> [Data section]
'''

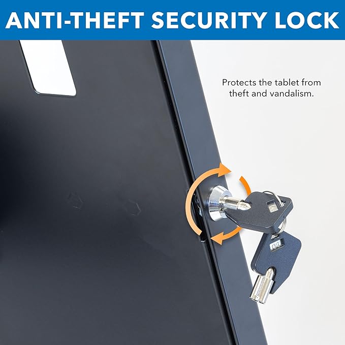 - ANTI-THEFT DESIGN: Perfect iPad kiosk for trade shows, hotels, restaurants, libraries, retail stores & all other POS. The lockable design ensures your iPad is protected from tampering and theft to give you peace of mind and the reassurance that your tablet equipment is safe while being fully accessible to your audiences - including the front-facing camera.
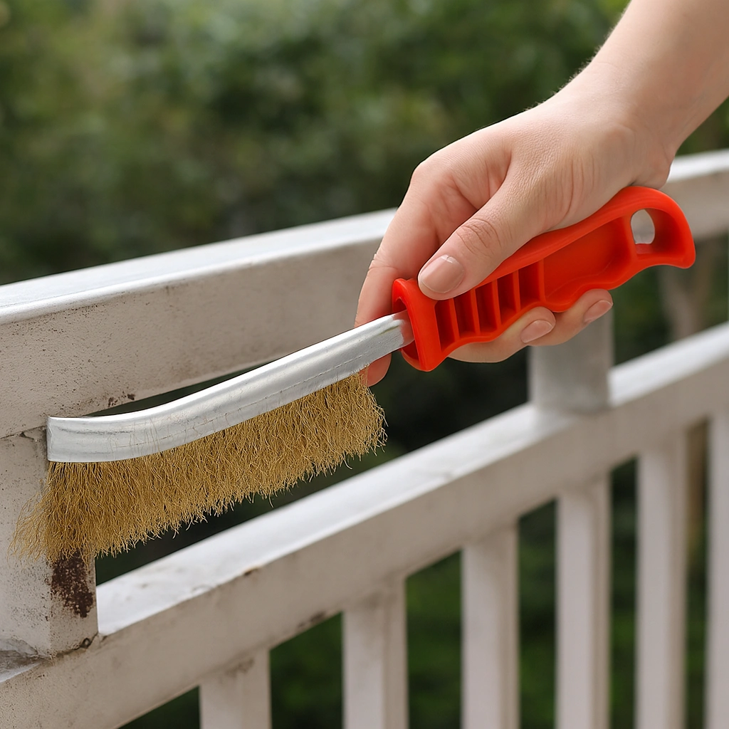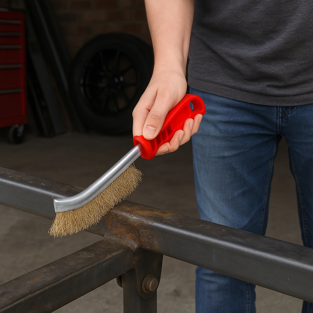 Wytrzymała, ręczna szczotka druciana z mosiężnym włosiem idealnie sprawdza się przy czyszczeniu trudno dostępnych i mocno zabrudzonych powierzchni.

'''
'''

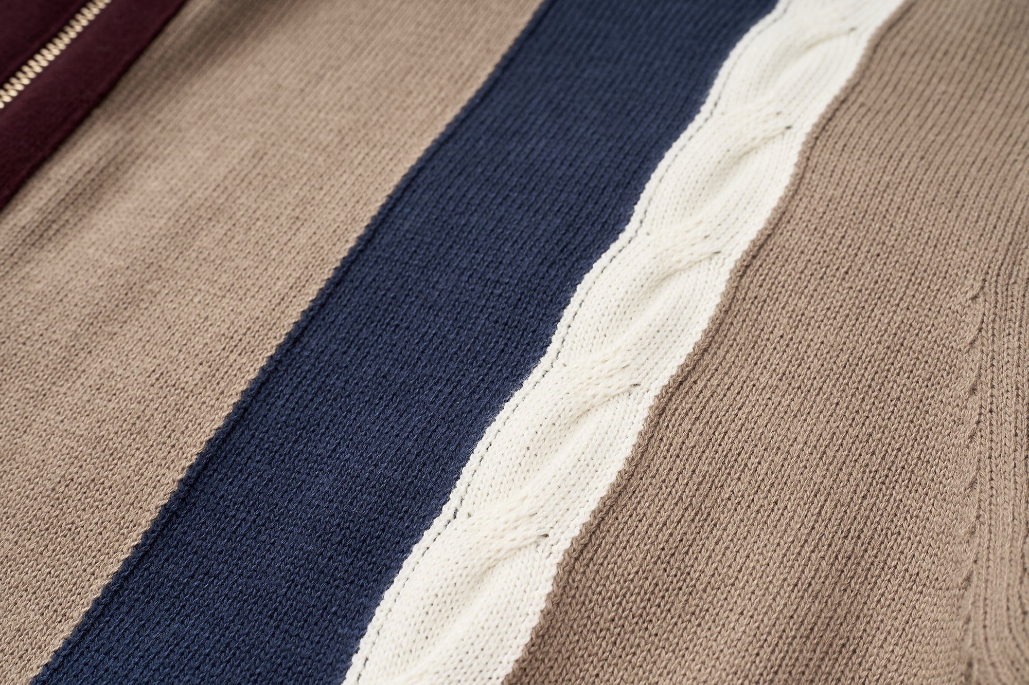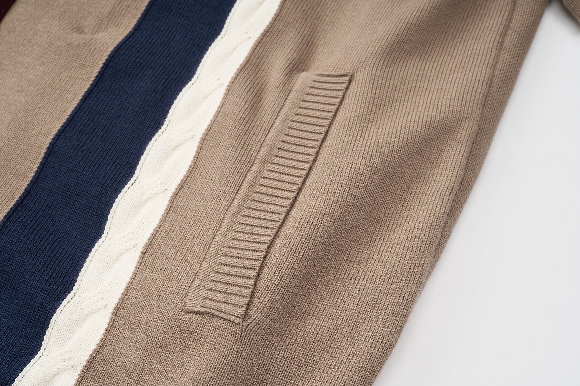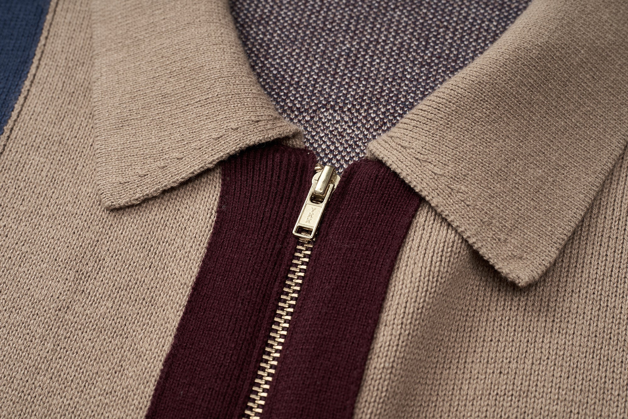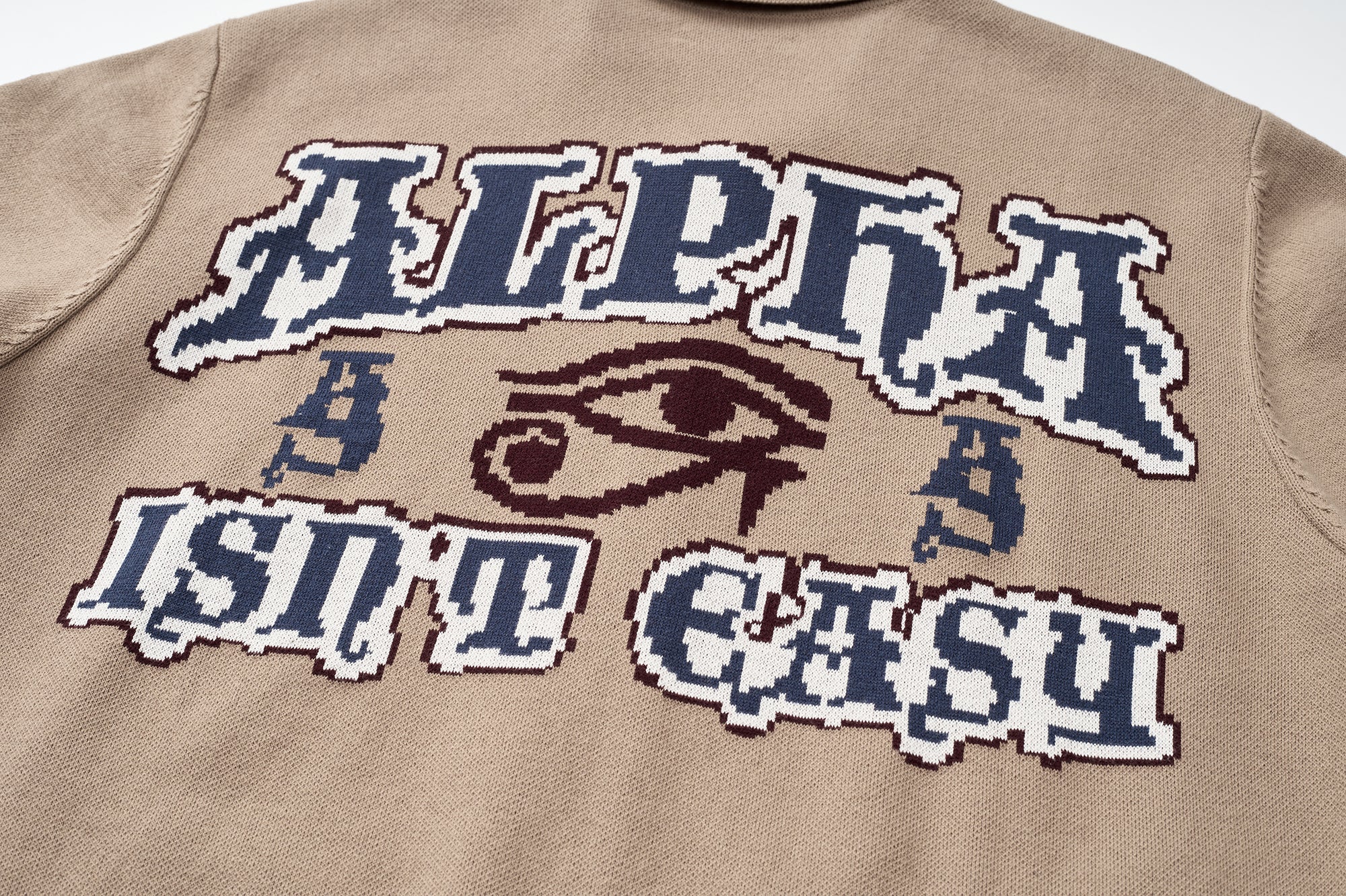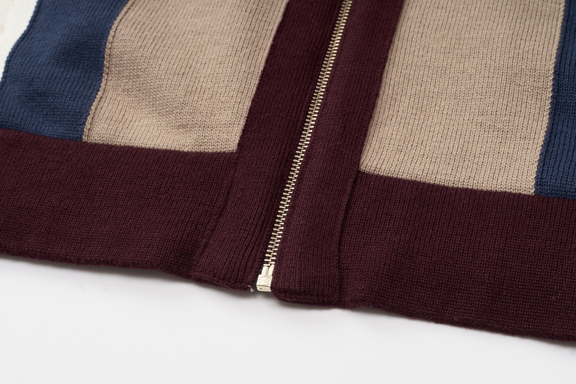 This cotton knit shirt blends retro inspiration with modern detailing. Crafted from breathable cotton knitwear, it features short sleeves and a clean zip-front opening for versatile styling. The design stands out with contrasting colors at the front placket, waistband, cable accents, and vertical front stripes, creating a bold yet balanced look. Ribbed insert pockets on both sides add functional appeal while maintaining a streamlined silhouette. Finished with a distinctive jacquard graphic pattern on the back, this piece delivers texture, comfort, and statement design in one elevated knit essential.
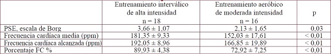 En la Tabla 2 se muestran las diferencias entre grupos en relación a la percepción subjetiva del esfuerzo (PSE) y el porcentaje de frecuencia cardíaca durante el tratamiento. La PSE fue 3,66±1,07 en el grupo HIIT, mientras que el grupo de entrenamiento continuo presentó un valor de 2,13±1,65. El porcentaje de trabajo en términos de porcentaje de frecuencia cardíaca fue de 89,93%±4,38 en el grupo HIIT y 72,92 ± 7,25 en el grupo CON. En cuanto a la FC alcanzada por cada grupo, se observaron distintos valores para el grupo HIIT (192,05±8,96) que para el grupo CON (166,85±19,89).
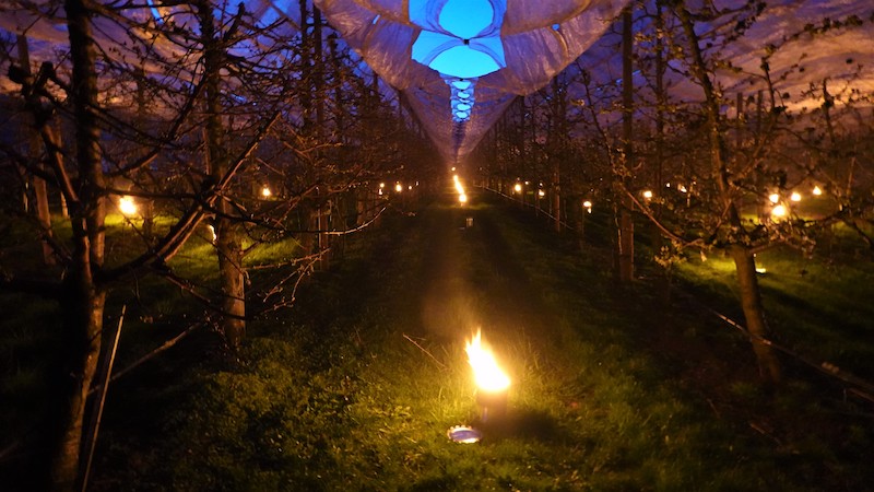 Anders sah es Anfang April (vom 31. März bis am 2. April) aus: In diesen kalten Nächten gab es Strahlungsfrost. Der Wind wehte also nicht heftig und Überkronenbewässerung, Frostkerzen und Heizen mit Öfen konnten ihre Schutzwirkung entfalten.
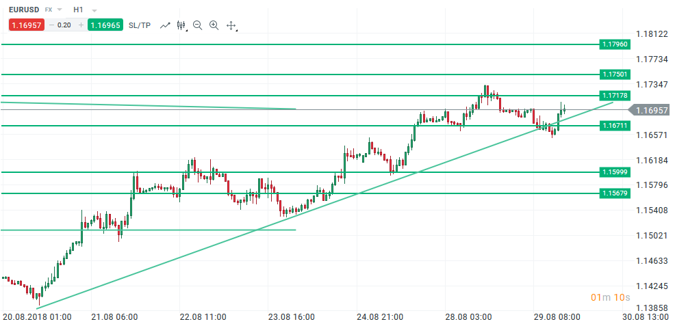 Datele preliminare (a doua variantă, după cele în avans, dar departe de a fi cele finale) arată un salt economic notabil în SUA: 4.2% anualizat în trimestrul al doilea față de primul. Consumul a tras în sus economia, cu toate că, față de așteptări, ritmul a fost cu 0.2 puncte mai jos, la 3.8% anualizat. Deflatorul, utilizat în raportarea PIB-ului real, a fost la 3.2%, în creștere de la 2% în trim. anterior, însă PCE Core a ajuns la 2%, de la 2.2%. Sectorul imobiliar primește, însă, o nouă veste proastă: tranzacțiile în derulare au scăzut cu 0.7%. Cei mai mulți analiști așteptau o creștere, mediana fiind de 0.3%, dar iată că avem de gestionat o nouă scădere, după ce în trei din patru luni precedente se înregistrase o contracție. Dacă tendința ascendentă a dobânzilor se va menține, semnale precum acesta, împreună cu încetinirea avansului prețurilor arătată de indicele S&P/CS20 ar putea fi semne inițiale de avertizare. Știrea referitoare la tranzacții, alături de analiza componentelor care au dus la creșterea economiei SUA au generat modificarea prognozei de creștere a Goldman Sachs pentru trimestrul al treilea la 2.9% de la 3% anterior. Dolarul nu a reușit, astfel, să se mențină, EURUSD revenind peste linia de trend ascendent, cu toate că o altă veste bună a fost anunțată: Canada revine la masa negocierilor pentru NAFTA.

'''
'''

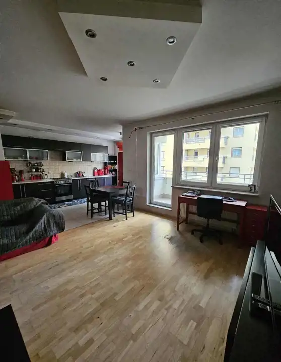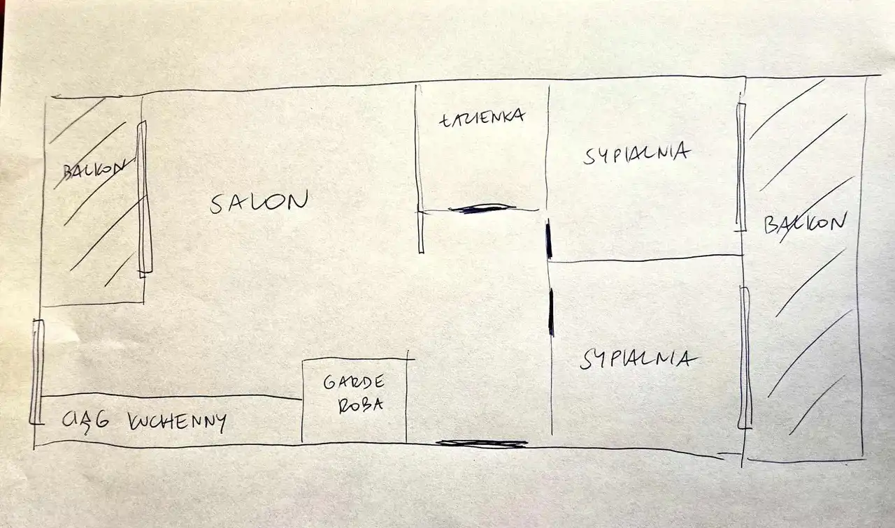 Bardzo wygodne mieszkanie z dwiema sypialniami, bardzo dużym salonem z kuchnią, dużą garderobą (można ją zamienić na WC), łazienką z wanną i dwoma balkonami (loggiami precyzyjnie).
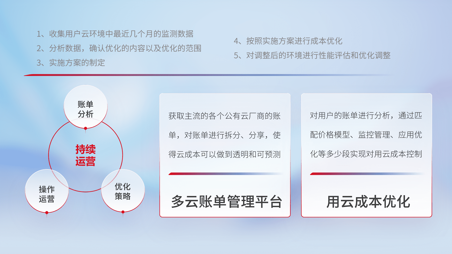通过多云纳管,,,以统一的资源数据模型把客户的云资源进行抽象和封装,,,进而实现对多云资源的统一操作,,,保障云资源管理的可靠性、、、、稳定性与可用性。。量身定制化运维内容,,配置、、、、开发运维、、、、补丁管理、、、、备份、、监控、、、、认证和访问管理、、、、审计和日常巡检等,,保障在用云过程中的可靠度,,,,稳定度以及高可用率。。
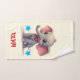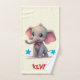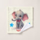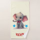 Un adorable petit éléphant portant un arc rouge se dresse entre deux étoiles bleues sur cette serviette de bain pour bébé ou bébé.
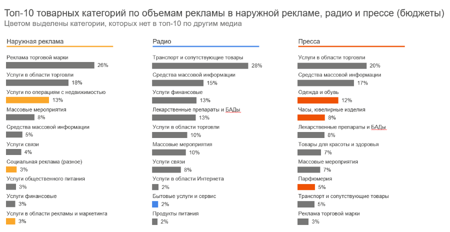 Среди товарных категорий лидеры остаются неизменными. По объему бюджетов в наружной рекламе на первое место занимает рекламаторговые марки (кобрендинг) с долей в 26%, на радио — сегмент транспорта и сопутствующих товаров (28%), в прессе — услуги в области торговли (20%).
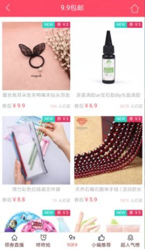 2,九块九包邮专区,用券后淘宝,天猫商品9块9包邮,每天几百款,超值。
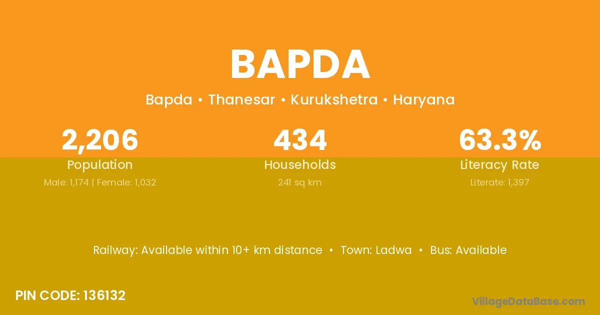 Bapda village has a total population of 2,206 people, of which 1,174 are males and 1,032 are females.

'''

> [Aim of the exercise] Copy exactly, without pictures, the lines above from the one with "Среди товарных категорий" down to the one with "Bapda village has", inclusive.

> [Task output]
 Среди товарных категорий лидеры остаются неизменными. По объему бюджетов в наружной рекламе на первое место занимает рекламаторговые марки (кобрендинг) с долей в 26%, на радио — сегмент транспорта и сопутствующих товаров (28%), в прессе — услуги в области торговли (20%).
 2,九块九包邮专区,用券后淘宝,天猫商品9块9包邮,每天几百款,超值。
 Bapda village has a total population of 2,206 people, of which 1,174 are males and 1,032 are females.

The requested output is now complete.